Look into doing a Stans conversion. It is pretty simple. You will most likely want to use an air compressor to get the tire to "seat" properly. Call Stans and ask if your current rim and tire are good candidates. You will love it if you install properly. Also, Stans will seal small puncture (thorns etc) and no more pinch flats which is great too.

I put off the tubeless thing forever... I am really happy I switched over... I run the stans wheelset with eight blocks, but it is not necessarily a requirement to use stans wheels...in fact most don't..


----------



## iwantalitebike (Jun 17, 2009)

http://www.universalcycles.com/shopping/product_details.php?id=15766&category=1859

i love these and only $25 at most places


----------



## Van-Go (Feb 26, 2009)

rydbyk said:


> Look into doing a Stans conversion. It is pretty simple. You will most likely want to use an air compressor to get the tire to "seat" properly. Call Stans and ask if your current rim and tire are good candidates. You will love it if you install properly. Also, Stans will seal small puncture (thorns etc) and no more pinch flats which is great too.
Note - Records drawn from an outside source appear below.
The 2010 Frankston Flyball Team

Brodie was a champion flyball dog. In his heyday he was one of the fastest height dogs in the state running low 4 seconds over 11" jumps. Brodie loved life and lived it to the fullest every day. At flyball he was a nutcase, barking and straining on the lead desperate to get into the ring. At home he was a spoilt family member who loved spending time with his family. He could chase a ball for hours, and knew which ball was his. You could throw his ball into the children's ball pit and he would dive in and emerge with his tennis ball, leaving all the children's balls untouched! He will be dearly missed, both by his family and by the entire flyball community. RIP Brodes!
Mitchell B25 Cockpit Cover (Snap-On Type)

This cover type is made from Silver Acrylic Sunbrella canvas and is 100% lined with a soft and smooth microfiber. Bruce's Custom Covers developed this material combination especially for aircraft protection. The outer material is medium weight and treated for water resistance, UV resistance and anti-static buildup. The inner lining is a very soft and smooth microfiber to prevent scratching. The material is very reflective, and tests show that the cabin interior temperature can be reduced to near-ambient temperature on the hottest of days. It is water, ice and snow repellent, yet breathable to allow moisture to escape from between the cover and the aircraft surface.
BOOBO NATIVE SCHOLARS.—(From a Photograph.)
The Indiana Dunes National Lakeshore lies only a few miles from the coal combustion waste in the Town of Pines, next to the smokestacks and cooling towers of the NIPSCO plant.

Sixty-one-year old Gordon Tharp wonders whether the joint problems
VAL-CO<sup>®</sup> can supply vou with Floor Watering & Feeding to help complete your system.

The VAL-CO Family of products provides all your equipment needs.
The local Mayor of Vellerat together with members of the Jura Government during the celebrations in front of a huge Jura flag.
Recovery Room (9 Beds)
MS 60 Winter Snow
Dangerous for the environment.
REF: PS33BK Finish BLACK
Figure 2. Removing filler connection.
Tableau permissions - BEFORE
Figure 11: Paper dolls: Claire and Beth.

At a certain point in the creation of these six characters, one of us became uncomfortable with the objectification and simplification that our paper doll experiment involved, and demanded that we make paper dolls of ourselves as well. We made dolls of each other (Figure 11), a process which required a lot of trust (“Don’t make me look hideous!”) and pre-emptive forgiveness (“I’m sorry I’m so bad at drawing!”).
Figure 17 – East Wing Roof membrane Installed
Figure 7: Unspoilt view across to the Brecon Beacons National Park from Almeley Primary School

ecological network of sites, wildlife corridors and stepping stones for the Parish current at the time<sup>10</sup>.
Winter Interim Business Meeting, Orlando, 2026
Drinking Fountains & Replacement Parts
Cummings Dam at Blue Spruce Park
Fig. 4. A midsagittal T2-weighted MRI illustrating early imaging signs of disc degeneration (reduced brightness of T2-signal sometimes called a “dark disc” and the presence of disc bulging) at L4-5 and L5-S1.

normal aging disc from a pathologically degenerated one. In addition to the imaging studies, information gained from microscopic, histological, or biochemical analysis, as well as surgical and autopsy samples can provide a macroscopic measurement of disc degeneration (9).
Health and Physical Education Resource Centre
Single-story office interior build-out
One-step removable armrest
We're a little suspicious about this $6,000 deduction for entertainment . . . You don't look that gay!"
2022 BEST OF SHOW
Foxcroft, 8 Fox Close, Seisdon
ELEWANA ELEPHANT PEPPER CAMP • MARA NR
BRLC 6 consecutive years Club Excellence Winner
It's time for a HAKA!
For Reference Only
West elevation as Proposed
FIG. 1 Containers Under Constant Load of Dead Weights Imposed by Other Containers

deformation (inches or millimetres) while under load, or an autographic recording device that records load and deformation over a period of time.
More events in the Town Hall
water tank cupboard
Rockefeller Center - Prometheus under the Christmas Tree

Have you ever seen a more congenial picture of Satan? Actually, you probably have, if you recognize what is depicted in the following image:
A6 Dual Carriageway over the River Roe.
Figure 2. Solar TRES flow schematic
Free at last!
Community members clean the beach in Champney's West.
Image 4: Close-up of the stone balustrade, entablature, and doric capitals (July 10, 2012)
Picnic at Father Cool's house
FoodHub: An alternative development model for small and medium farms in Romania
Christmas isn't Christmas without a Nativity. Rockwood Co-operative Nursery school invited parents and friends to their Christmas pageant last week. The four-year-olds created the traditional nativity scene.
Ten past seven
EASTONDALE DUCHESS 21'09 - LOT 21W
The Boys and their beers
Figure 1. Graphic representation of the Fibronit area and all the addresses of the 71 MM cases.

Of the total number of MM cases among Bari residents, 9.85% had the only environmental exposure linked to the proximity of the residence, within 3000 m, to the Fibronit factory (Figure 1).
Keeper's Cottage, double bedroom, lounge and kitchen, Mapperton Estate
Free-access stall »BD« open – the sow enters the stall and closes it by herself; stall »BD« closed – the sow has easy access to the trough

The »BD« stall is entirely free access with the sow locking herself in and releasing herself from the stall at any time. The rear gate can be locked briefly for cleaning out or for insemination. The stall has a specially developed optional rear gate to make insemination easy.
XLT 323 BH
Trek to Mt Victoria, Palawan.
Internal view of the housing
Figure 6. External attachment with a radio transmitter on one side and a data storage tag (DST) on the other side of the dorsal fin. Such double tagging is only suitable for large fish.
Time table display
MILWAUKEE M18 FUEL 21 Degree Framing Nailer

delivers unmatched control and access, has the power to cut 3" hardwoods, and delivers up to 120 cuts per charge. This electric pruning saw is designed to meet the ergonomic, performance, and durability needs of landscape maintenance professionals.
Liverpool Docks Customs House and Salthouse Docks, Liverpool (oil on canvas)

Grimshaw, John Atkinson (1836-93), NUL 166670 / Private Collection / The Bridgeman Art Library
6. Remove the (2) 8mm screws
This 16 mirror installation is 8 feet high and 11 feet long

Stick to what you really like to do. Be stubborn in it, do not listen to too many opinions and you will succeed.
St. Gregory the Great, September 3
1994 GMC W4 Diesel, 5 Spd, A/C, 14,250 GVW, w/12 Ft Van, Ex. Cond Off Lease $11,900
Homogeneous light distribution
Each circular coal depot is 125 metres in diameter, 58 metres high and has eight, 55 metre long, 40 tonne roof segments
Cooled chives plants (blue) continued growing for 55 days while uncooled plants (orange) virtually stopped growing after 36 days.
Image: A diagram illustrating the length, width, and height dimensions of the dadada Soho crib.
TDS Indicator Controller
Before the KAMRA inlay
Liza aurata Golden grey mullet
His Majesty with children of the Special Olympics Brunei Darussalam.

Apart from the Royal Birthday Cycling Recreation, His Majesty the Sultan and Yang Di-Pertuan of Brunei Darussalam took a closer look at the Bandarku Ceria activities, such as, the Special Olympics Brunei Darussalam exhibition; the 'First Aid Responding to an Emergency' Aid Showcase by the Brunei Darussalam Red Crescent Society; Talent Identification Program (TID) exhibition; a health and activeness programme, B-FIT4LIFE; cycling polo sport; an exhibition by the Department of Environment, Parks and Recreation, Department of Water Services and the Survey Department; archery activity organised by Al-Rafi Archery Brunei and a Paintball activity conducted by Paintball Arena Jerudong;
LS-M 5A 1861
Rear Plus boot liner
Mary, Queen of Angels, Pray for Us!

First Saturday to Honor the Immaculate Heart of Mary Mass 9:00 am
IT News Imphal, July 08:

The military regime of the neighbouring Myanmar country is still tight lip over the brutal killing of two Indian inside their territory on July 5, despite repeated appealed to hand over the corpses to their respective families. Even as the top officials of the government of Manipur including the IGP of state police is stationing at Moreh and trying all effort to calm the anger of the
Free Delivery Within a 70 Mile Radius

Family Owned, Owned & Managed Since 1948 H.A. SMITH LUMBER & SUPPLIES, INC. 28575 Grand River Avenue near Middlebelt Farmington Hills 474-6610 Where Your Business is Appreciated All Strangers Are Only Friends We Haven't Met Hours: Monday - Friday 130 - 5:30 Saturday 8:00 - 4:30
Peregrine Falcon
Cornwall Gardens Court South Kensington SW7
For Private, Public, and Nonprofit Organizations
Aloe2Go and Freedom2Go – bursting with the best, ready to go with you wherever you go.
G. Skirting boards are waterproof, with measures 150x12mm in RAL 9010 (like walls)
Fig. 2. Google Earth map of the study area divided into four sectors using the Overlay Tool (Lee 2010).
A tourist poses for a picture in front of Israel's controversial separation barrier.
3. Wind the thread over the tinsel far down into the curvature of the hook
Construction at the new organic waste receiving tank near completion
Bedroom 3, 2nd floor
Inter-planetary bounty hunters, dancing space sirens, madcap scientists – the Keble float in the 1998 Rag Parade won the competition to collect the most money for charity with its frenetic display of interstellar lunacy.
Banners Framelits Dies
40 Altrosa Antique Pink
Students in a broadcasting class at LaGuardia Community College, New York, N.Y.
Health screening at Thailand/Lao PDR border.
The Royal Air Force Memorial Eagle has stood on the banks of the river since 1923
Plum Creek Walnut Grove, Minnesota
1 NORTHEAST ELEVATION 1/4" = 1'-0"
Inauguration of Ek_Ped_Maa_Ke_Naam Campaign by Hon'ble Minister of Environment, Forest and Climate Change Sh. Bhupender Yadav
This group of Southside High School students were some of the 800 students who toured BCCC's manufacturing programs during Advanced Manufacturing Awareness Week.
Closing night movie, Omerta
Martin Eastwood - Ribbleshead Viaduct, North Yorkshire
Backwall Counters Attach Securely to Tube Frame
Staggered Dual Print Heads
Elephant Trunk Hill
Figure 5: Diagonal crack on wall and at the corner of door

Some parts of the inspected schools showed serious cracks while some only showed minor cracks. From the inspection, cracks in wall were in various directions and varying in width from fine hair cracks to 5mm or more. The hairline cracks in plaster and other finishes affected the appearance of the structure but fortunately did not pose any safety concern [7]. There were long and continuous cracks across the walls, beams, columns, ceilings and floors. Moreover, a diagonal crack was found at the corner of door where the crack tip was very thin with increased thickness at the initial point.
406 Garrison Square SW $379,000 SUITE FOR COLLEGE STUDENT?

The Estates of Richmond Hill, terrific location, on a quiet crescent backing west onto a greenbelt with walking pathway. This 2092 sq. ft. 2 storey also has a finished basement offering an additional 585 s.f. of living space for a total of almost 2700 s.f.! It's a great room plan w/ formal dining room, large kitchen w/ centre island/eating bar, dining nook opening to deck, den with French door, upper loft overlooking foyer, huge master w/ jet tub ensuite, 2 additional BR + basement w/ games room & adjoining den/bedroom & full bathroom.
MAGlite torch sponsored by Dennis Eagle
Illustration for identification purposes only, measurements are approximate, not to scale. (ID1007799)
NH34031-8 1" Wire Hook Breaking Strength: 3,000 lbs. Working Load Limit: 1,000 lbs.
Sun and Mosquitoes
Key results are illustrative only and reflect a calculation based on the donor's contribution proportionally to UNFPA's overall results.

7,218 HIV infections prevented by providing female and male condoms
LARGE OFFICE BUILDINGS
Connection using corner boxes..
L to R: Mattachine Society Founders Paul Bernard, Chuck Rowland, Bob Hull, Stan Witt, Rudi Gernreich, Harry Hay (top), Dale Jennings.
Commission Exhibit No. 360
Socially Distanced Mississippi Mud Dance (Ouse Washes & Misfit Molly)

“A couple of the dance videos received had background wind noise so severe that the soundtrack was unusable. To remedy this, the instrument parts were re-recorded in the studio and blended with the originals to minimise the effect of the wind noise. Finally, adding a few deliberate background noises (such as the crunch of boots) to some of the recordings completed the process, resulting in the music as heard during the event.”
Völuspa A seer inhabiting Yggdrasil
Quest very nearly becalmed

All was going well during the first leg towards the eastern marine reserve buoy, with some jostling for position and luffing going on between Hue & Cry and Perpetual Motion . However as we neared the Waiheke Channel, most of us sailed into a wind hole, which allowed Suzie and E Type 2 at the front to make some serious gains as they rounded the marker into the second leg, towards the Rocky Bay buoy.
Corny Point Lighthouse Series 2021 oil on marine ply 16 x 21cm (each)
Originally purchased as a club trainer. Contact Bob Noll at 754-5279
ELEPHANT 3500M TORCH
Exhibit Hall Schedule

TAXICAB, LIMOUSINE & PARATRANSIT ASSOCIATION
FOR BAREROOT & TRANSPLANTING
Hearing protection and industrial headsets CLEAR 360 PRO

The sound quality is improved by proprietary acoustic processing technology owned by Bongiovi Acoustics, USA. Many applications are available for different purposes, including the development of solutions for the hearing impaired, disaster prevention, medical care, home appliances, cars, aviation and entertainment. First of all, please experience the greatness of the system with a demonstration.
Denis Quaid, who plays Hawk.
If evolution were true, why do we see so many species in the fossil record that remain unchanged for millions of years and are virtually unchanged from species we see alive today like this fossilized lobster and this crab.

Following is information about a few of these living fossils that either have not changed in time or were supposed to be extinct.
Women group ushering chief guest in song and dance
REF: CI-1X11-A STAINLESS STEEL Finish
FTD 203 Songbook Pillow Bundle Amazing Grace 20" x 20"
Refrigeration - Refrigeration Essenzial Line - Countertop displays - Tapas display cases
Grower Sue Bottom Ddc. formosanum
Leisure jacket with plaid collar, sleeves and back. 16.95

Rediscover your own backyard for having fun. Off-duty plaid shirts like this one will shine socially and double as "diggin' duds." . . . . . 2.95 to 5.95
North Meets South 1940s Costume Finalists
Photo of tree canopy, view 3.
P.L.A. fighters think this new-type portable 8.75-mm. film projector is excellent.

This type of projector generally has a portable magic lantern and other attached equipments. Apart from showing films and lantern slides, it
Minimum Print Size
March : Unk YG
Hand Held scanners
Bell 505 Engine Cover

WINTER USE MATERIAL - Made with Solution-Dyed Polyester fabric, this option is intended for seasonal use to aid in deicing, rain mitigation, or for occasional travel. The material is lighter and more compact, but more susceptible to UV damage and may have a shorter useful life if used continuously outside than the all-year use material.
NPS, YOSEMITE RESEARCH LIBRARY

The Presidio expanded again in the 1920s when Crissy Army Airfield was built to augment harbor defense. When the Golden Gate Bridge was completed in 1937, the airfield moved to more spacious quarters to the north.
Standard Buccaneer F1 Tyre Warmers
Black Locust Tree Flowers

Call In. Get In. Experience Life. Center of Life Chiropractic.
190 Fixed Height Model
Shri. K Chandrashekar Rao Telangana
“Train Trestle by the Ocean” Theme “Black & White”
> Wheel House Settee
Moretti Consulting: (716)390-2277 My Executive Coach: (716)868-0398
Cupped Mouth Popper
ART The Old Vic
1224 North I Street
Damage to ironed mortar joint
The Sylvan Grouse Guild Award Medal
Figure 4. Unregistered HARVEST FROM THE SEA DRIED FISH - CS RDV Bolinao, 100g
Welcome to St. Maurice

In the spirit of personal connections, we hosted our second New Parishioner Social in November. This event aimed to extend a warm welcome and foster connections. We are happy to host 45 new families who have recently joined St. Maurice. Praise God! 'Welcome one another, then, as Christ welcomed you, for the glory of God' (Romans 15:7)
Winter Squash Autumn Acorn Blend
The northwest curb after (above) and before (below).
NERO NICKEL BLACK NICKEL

Thanks for those suggestions. You know, I was asking someone about Stans the other day and when asked why I was curious I said "weight savings." They said the weight savings were minimal over a light tube. Without researching in depth I'm assuming that is the allure (weights savings). Would you agree?

Also, thanks for the Spenco recommendation - looking at those - don't like the blue but....


----------



## Dan Gerous (Feb 18, 2004)

Weight saving is minimal compared to a light tube, but traction, comfort and reduction of flats are good reasons to do it. Personally, I prefer a real UST setup for the ease of setup and change of tires and I prefer it over tubes by far even with a weight penalty.


----------



## flargle (Apr 15, 2009)

Van-Go said:


> Thanks for those suggestions. You know, I was asking someone about Stans the other day and when asked why I was curious I said "weight savings." They said the weight savings were minimal over a light tube. Without researching in depth I'm assuming that is the allure (weights savings). Would you agree?


Not at all.

DanGerous has it right, it's about being able to run low pressures without fear of pinchflatting.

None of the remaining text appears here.